TSTP Solution File: SEU284+1 by iProver---3.8
View Problem
- Process Solution
%------------------------------------------------------------------------------
% File : iProver---3.8
% Problem : SEU284+1 : TPTP v8.1.2. Released v3.3.0.
% Transfm : none
% Format : tptp:raw
% Command : run_iprover %s %d THM
% Computer : n028.cluster.edu
% Model : x86_64 x86_64
% CPU : Intel(R) Xeon(R) CPU E5-2620 v4 2.10GHz
% Memory : 8042.1875MB
% OS : Linux 3.10.0-693.el7.x86_64
% CPULimit : 300s
% WCLimit : 300s
% DateTime : Thu Aug 31 17:05:28 EDT 2023
% Result : Theorem 2.78s 1.15s
% Output : CNFRefutation 2.78s
% Verified :
% SZS Type : Refutation
% Derivation depth : 33
% Number of leaves : 8
% Syntax : Number of formulae : 78 ( 8 unt; 0 def)
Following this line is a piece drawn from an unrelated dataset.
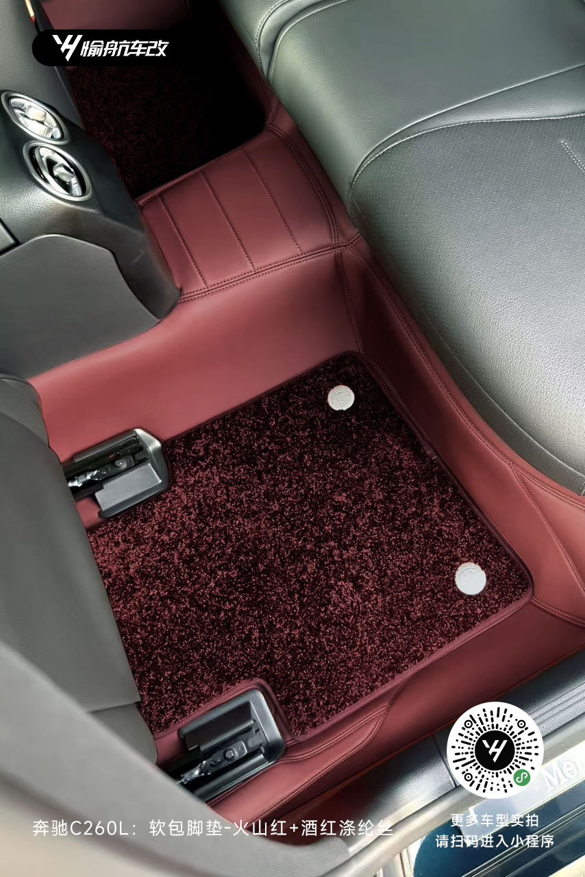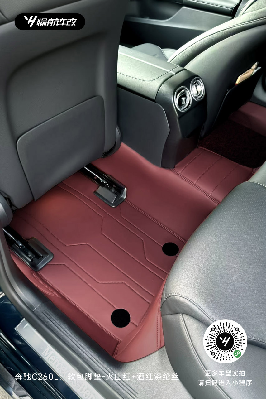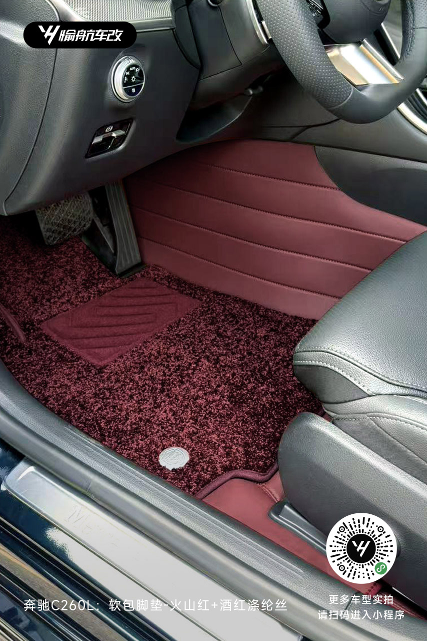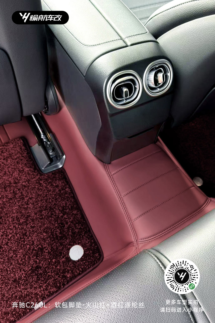 奔驰C260L|YH愉航-软包脚垫:火山红+酒红涤纶丝

% Number of atoms : 287 ( 134 equ)
% Maximal formula atoms : 11 ( 3 avg)
% Number of connectives : 321 ( 112 ~; 118 |; 78 &)
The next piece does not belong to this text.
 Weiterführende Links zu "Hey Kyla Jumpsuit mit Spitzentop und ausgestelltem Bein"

% ( 0 <=>; 13 =>; 0 <=; 0 <~>)
% Maximal formula depth : 10 ( 5 avg)
% Maximal term depth : 4 ( 2 avg)
% Number of predicates : 6 ( 4 usr; 1 prp; 0-2 aty)
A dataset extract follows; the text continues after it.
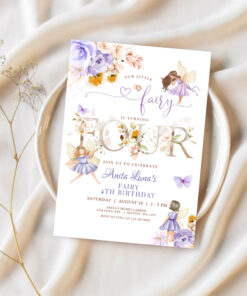 Purple Fairy Butterfly Magical Floral 4th Birthday Invitation

% Number of functors : 10 ( 10 usr; 1 con; 0-2 aty)
% Number of variables : 127 ( 0 sgn; 69 !; 38 ?)
% Comments :
%------------------------------------------------------------------------------
fof(f1,conjecture,
! [X0] :
? [X1] :
( ! [X2] :
( in(X2,X0)
=> apply(X1,X2) = singleton(X2) )
& relation_dom(X1) = X0
& function(X1)
& relation(X1) ),
file('/export/starexec/sandbox/benchmark/theBenchmark.p',s3_funct_1__e16_22__wellord2) ).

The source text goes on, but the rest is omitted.